LONDON: Britain’s foreign secretary said she would use a visit to Ethiopia to focus on measures to ​stem the rising number of migrants from the Horn of Africa seeking to reach the UK.
Yvette Cooper said job creation partnerships would dissuade people from leaving Ethiopia, while stronger law enforcement cooperation was essential to counter smuggler gangs and speed up returns ‌of migrants ‌with no right to ‌stay in ​Britain.
“We ‌are working together to tackle the economic drivers of illegal migration and the criminal gangs who operate globally, profiting from trading in people,” Cooper said in a statement.
“That includes new partnerships to improve trade and create thousands of good jobs in Ethiopia so people can find a ‌better life back home instead ‍of making perilous ‍journeys.”
Successive British governments have sought to address illegal immigration, an issue that has helped propel the populist campaigner Nigel Farage’s Reform UK party into a commanding lead in opinion polls. 
Approximately 30 percent of people crossing the English Channel in small boats over the past two years were nationals from Ethiopia, Eritrea, Somalia, and Sudan, the British Foreign Ministry said.

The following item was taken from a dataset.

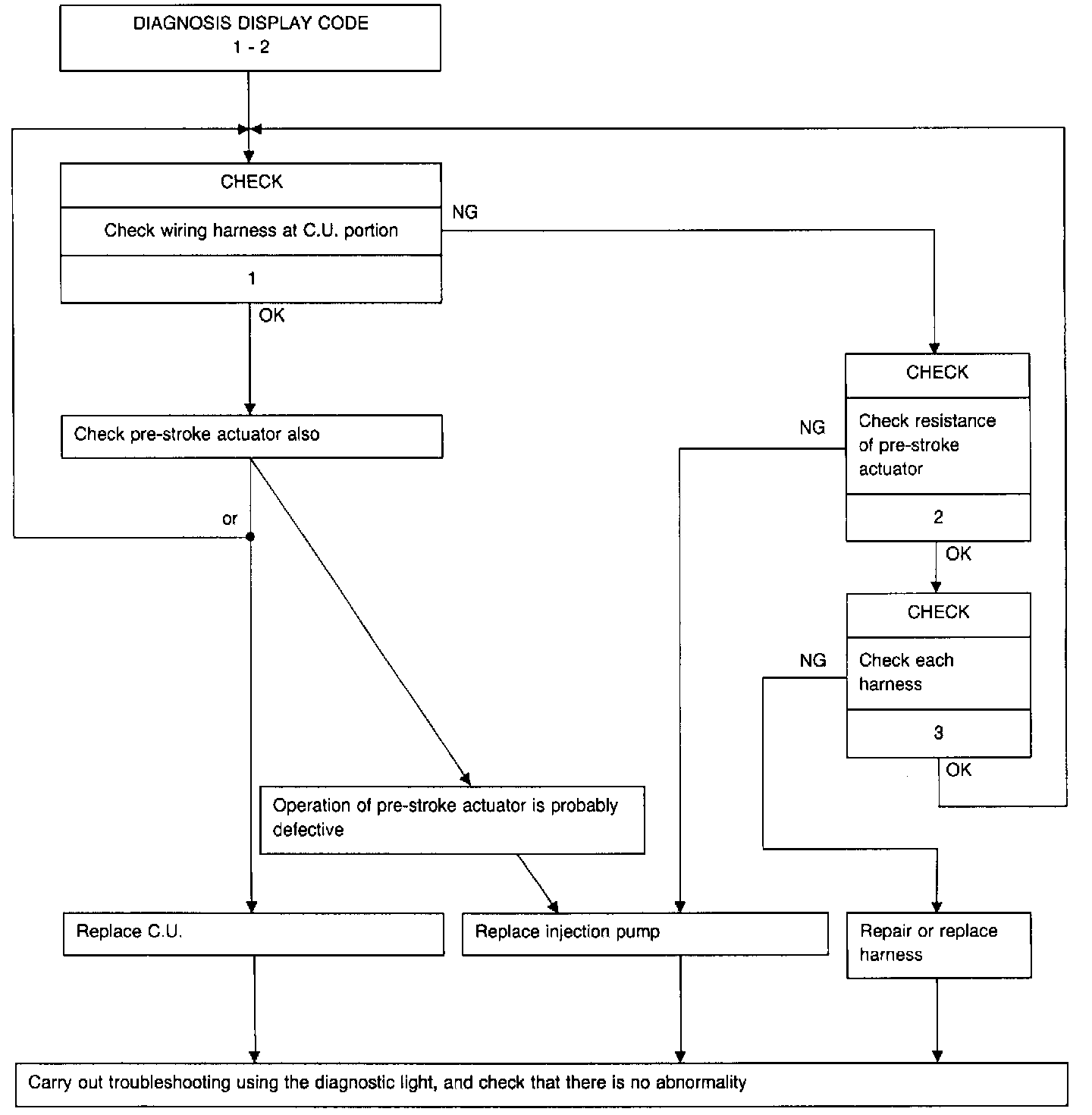 NOTE: After completing each operation, carry out trouble-shooting with the diagnostic light and confirm that there is no abnormality.

To boost job creation in Ethiopia, Cooper is set to sign an agreement with the country to advance two energy transmission projects led by Gridworks, a UK investment organization.
She planned to announce £17 million worth of funding for tackling violence against women and girls, assistance for ‌68,000 children suffering malnutrition, and for projects working with displaced people.
Meanwhile, Tigrayans in northern Ethiopia fear a return to all-out war amid reports that clashes were continuing between local and federal forces on Monday, barely three years after the last devastating conflict in the region.
The civil war of 2020-2022 between the Ethiopian government and Tigray forces killed more than 600,000 people and a peace deal known as the Pretoria Agreement has never fully resolved the tensions.
Fighting broke out again last week in a disputed area of western Tigray called Tselemt and the Afar region to the east of Tigray.